### Data provided

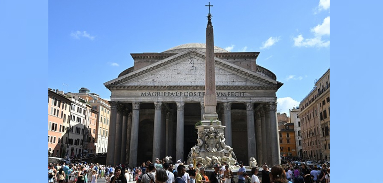 واضح رہے کہ پینتھیون گرجا گھر قدیم روم کے بہترین محفوظ شدہ آثار میں سے ایک ہے جو اپنے غیرمعمولی گنبد کے لیے مشہور ہے۔ اس گنبد کا قطر 43 میٹر (140 فٹ) ہے اور اس میں ایک کھلا دائرہ بھی موجود ہے جس کے ذریعے روشنی اندر داخل ہوتی ہے اور کبھی کبھار بارش بھی ہوتی ہے۔
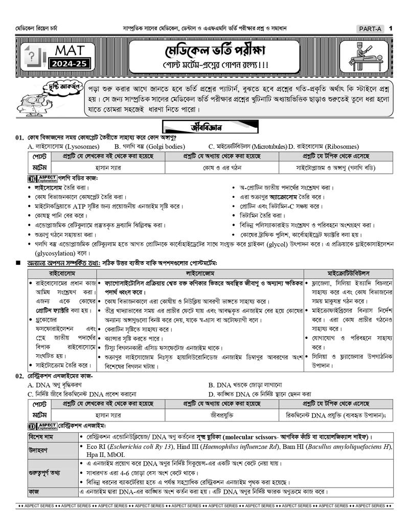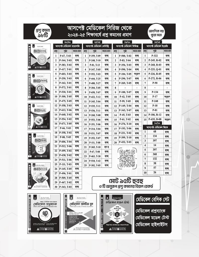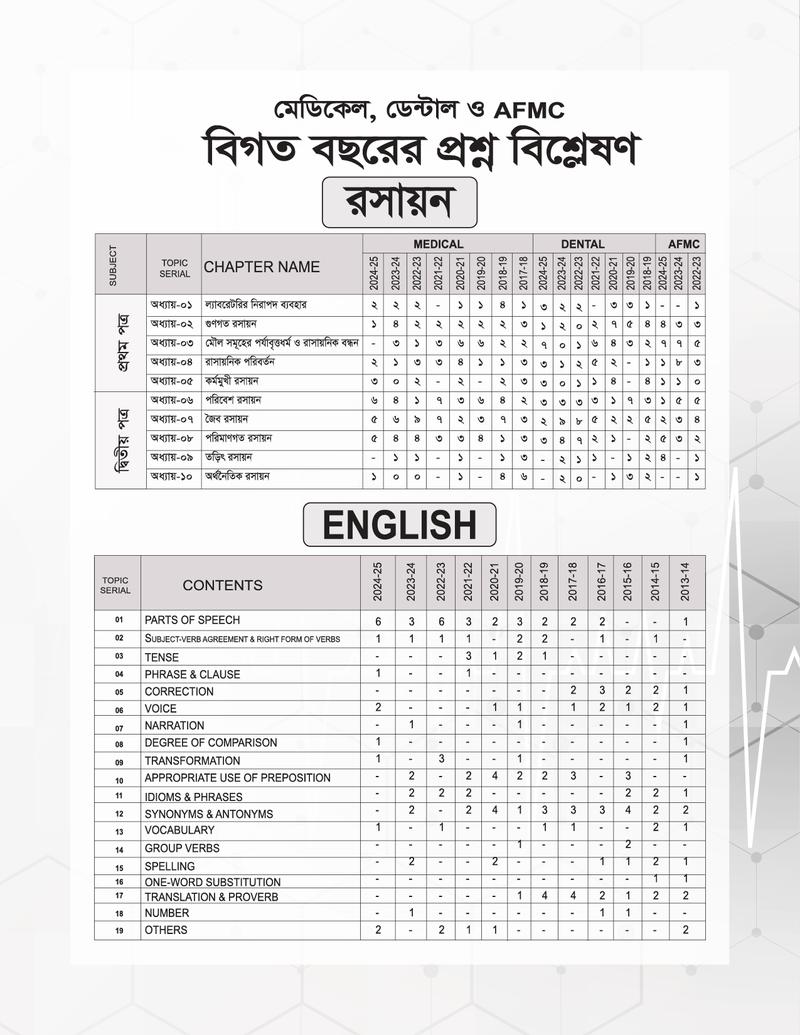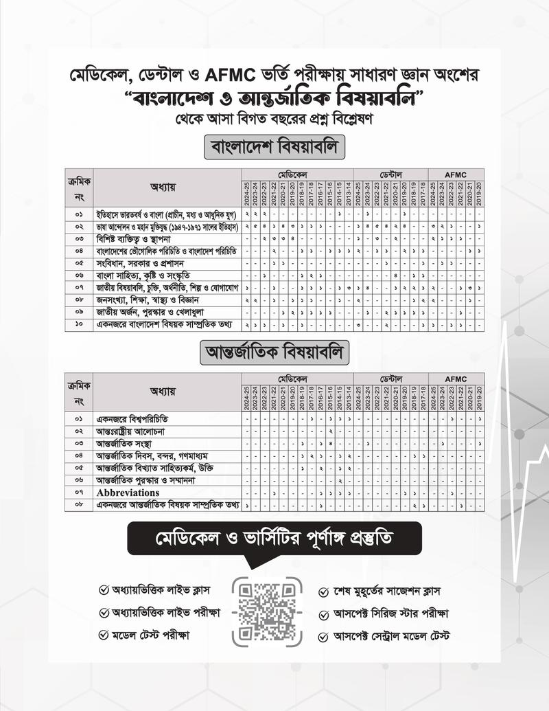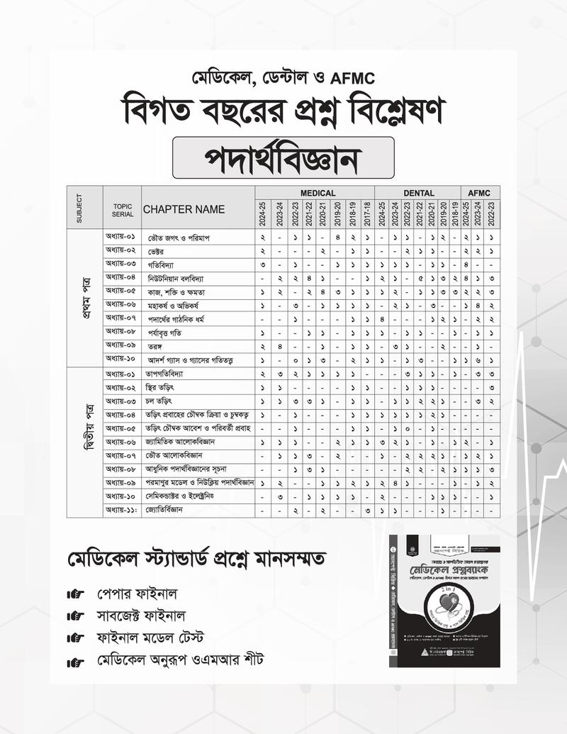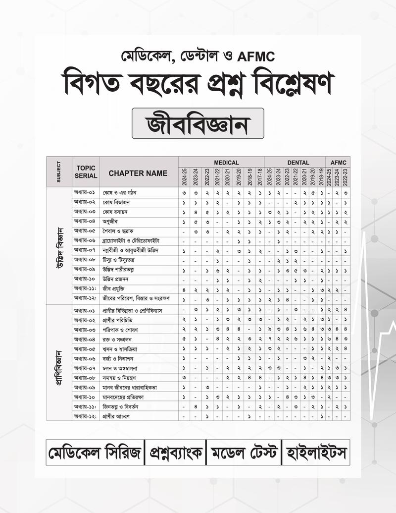 - মেডিকেল প্রশ্নঃ বিগত ২২ সালের অধিক মেডিকেল প্রশ্নের অধ্যায়ভিত্তিক ও টপিকস অনুযায়ী ব্যাখ্যাসহ বিশ্লেষণ
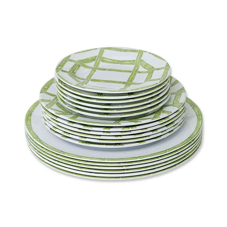 Keramický riad je veľmi krásny, no je ťažký a hrozí pri ňom riziko rozbitia. Ak teda máte deti alebo chcete ísť na piknik, sada 6 melamínových tanierov Pink Dinner je veľmi dobrou voľbou. Jeho tvar je veľmi jednoduchý. Na bielom tanieri sú úhľadné zelené vzory, ktoré pripomínajú bambusový les, takže môže priniesť svieži a prirodzený pocit. Vďaka rôznym veľkostiam je vhodný na uchovávanie rôznych potravín. Môžete ho použiť na uloženie šalátov, ovocia, zeleniny, koláčov a iných potravín. Vďaka vysokému komfortu je vhodný na večere, večierky, reštaurácie a iné miesta.

######

Problem requirements >>
The listing above should be transcribed word for word, with its pictures left out.

Answer to this task >>
 واضح رہے کہ پینتھیون گرجا گھر قدیم روم کے بہترین محفوظ شدہ آثار میں سے ایک ہے جو اپنے غیرمعمولی گنبد کے لیے مشہور ہے۔ اس گنبد کا قطر 43 میٹر (140 فٹ) ہے اور اس میں ایک کھلا دائرہ بھی موجود ہے جس کے ذریعے روشنی اندر داخل ہوتی ہے اور کبھی کبھار بارش بھی ہوتی ہے۔
 - মেডিকেল প্রশ্নঃ বিগত ২২ সালের অধিক মেডিকেল প্রশ্নের অধ্যায়ভিত্তিক ও টপিকস অনুযায়ী ব্যাখ্যাসহ বিশ্লেষণ
 Keramický riad je veľmi krásny, no je ťažký a hrozí pri ňom riziko rozbitia. Ak teda máte deti alebo chcete ísť na piknik, sada 6 melamínových tanierov Pink Dinner je veľmi dobrou voľbou. Jeho tvar je veľmi jednoduchý. Na bielom tanieri sú úhľadné zelené vzory, ktoré pripomínajú bambusový les, takže môže priniesť svieži a prirodzený pocit. Vďaka rôznym veľkostiam je vhodný na uchovávanie rôznych potravín. Môžete ho použiť na uloženie šalátov, ovocia, zeleniny, koláčov a iných potravín. Vďaka vysokému komfortu je vhodný na večere, večierky, reštaurácie a iné miesta.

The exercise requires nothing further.